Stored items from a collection
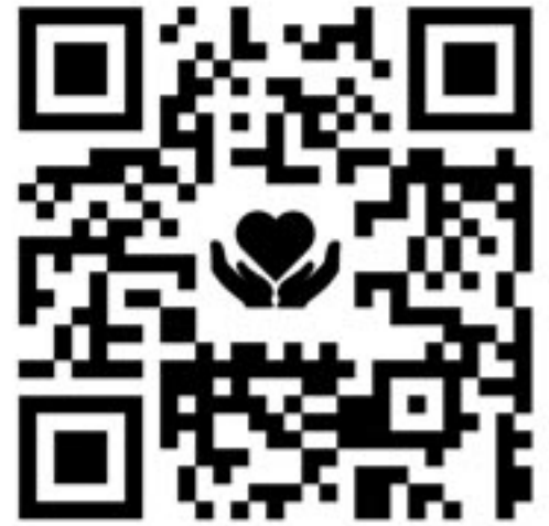
Millburn-Short Hills Volunteer First Aid Squad Neighbors helping neighbors since 1958.

Please consider a fall donation by scanning the QR code here. Together, we can make sure that when help is needed, it's already on the way.
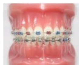
Ideal position Gap = 1-2mm from the side and front
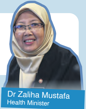
Dr Zaliha Mustafa Health Minister

“ The Health Ministry is looking into giving the Tdap (tetanus, diphtheria and acellular pertussis) vaccine to pregnant women to protect babies from whooping cough, even before birth. ”
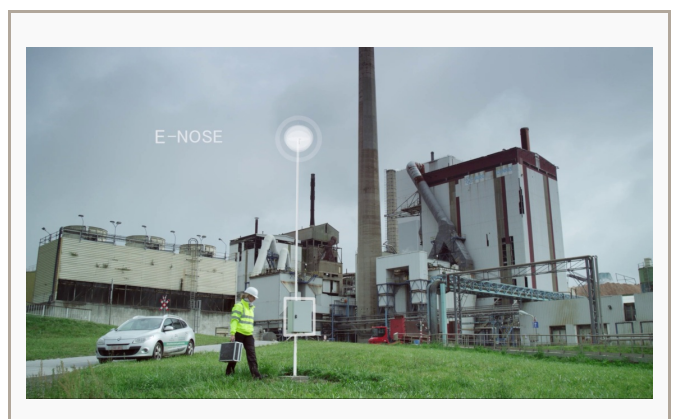
Figure 4: An e-nose in the vicinity of the source of odor.

Due to the subjective nature of odor issues, the OMNISCIENTIS project adopted a holistic approach, combining new technologies from various disciplines with citizen participation. The collaboration of different stakeholders initiated during the project paved the way for improved environmental governance, limited conflicts and a fertile ground for a peaceful cohabitation.

What the exercise asks :: Repeat the entries exactly, without pictures.

Output ::
Millburn-Short Hills Volunteer First Aid Squad Neighbors helping neighbors since 1958.

Please consider a fall donation by scanning the QR code here. Together, we can make sure that when help is needed, it's already on the way.
Ideal position Gap = 1-2mm from the side and front
Dr Zaliha Mustafa Health Minister

“ The Health Ministry is looking into giving the Tdap (tetanus, diphtheria and acellular pertussis) vaccine to pregnant women to protect babies from whooping cough, even before birth. ”
Figure 4: An e-nose in the vicinity of the source of odor.

Due to the subjective nature of odor issues, the OMNISCIENTIS project adopted a holistic approach, combining new technologies from various disciplines with citizen participation. The collaboration of different stakeholders initiated during the project paved the way for improved environmental governance, limited conflicts and a fertile ground for a peaceful cohabitation.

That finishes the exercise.